§ ASSIGNED TASK
Word for word, restate the lines of the listing below from the line with "靓小靓小个子马斯线立裁卫衣!显瘦遮肉立体感连帽拉链早秋短外套" through the line with "22611D-04-04SM", and do not include the pictures.

§ DATA SHOWN
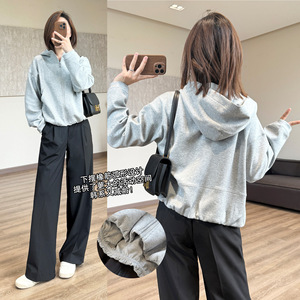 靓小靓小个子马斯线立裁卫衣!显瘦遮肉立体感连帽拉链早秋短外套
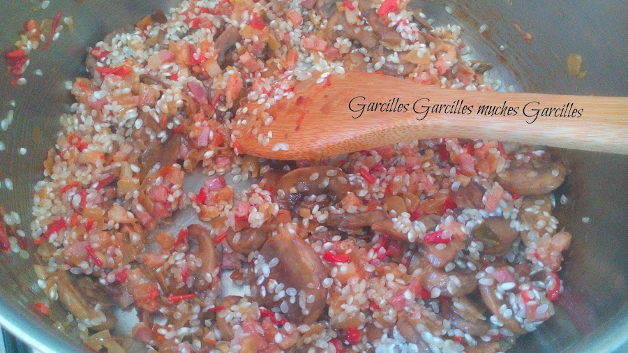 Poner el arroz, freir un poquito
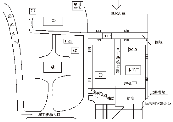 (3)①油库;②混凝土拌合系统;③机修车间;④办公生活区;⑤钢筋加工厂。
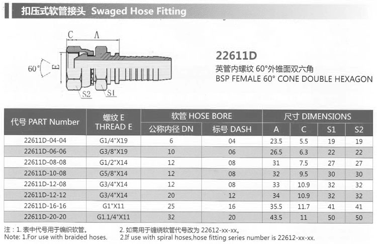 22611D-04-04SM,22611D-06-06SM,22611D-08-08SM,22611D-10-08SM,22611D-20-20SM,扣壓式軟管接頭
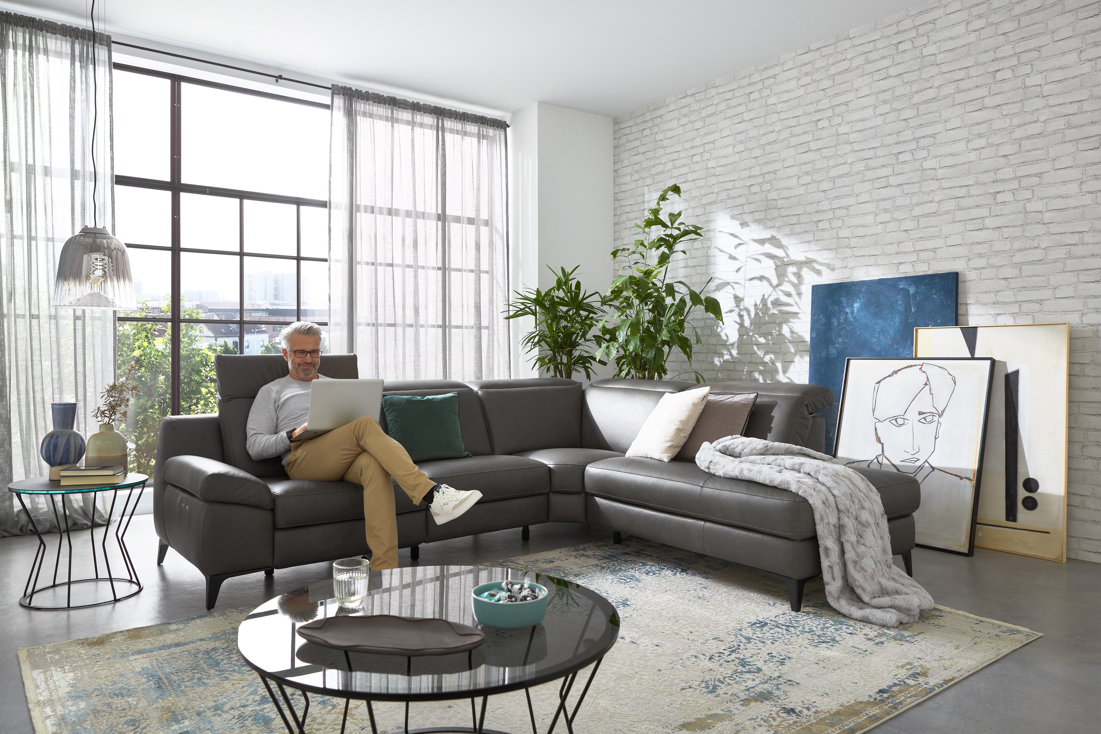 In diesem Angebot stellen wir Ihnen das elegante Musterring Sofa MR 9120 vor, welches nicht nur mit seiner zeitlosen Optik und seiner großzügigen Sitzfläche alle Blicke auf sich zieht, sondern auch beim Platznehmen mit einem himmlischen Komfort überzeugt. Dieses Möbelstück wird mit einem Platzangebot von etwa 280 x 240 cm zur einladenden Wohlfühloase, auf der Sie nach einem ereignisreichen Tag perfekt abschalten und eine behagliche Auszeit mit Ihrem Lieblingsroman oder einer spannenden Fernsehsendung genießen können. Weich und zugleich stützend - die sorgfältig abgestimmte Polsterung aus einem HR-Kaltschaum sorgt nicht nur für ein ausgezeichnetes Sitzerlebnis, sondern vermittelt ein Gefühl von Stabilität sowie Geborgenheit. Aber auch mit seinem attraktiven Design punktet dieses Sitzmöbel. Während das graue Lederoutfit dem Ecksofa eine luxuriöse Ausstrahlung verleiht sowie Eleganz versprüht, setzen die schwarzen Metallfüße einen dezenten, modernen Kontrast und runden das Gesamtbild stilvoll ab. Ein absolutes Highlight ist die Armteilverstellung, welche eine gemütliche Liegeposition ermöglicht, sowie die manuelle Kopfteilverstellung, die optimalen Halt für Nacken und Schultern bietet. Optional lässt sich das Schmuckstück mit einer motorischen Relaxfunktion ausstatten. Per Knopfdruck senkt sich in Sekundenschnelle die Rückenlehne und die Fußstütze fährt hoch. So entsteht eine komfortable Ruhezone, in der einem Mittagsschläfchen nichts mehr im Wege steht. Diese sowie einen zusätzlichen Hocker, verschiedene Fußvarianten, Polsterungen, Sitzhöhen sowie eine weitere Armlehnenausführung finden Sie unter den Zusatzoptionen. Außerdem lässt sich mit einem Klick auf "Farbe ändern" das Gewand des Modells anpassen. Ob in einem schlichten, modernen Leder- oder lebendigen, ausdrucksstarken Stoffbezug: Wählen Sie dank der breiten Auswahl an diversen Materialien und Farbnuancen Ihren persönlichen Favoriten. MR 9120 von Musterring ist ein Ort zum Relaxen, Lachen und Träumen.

* * *

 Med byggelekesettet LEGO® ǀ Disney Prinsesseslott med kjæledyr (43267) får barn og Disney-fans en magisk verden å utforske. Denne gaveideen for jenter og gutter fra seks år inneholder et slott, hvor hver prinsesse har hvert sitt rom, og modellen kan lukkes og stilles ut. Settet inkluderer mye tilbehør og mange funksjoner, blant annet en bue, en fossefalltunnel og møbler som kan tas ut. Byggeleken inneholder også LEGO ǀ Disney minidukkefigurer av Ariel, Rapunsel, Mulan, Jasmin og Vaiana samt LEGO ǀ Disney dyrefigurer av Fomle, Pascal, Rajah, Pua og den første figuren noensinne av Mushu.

§ TASK OUTPUT
 靓小靓小个子马斯线立裁卫衣!显瘦遮肉立体感连帽拉链早秋短外套
 Poner el arroz, freir un poquito
 (3)①油库;②混凝土拌合系统;③机修车间;④办公生活区;⑤钢筋加工厂。
 22611D-04-04SM,22611D-06-06SM,22611D-08-08SM,22611D-10-08SM,22611D-20-20SM,扣壓式軟管接頭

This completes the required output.